● **Task goal**
Everything in the data except the pictures belongs in your answer, copied exactly.

● **Supplied material**
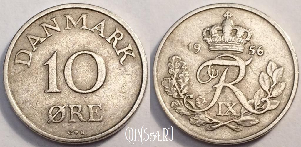 Монета Дания 10 эре 1957 года, KM# 841, 82-038a
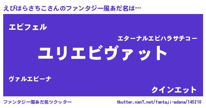 | 伝説のあだ名 | 『封印されしスナイパーえびはらさちこ』 |
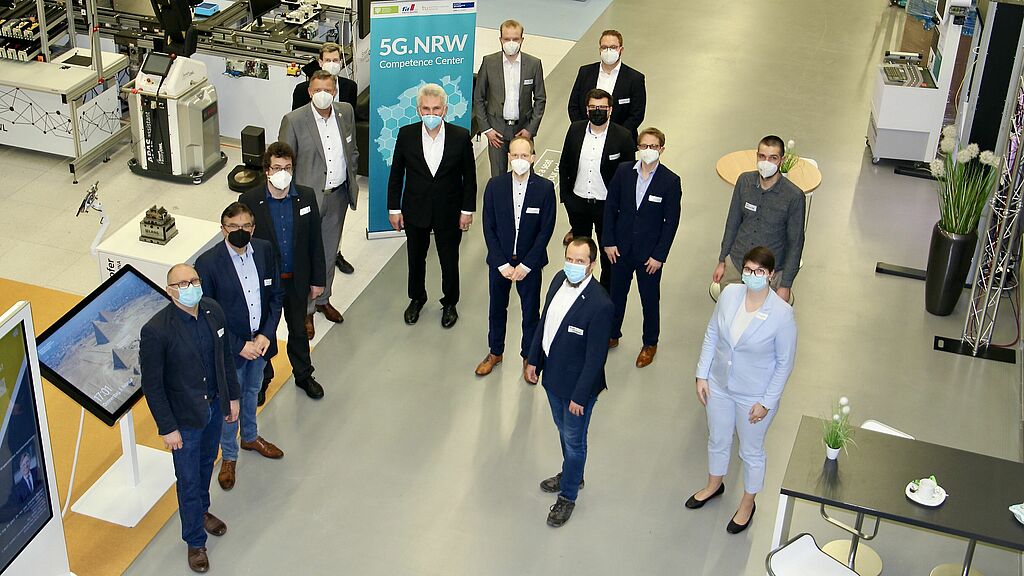 Last week, Prof. Dr. Andreas Pinkwart, Minister for Economic Affairs, Innovation, Digitalization and Energy of the State of North Rhine-Westphalia, came to see this for himself. Together with Matthias Goeken, a member of the state parliament from the Höxter constituency, and representatives of the 5G4Industry project and the Competence Center 5G.NRW, they discussed 5G as an implementation module in the overall digitalization and Industry 4.0 concept. Minister Pinkwart also sees great potential for industry: "In order for us in North Rhine-Westphalia to further expand our key position in the area of 5G, we must focus above all on the application fields of industry. The potential is great, and at the same time the requirements for data rates and latency are becoming increasingly important in the industrial context. With the 5G4Industry project, we are promoting a strong consortium of science and industry as part of the 5G.NRW competition that focuses on industrial requirements as well as the needs of small and medium-sized companies and provides important impulses for the OWL region and beyond." The project is being funded by the North Rhine-Westphalian Ministry of Economic Affairs, Innovation, Digitalization and Energy as part of the 5G.NRW competition. In total, the state government is funding 13 outstanding 5G projects with up to 26 million euros as part of the first round of the competition.

● **Solution for this exercise**
 Монета Дания 10 эре 1957 года, KM# 841, 82-038a
 | 伝説のあだ名 | 『封印されしスナイパーえびはらさちこ』 |
 Last week, Prof. Dr. Andreas Pinkwart, Minister for Economic Affairs, Innovation, Digitalization and Energy of the State of North Rhine-Westphalia, came to see this for himself. Together with Matthias Goeken, a member of the state parliament from the Höxter constituency, and representatives of the 5G4Industry project and the Competence Center 5G.NRW, they discussed 5G as an implementation module in the overall digitalization and Industry 4.0 concept. Minister Pinkwart also sees great potential for industry: "In order for us in North Rhine-Westphalia to further expand our key position in the area of 5G, we must focus above all on the application fields of industry. The potential is great, and at the same time the requirements for data rates and latency are becoming increasingly important in the industrial context. With the 5G4Industry project, we are promoting a strong consortium of science and industry as part of the 5G.NRW competition that focuses on industrial requirements as well as the needs of small and medium-sized companies and provides important impulses for the OWL region and beyond." The project is being funded by the North Rhine-Westphalian Ministry of Economic Affairs, Innovation, Digitalization and Energy as part of the 5G.NRW competition. In total, the state government is funding 13 outstanding 5G projects with up to 26 million euros as part of the first round of the competition.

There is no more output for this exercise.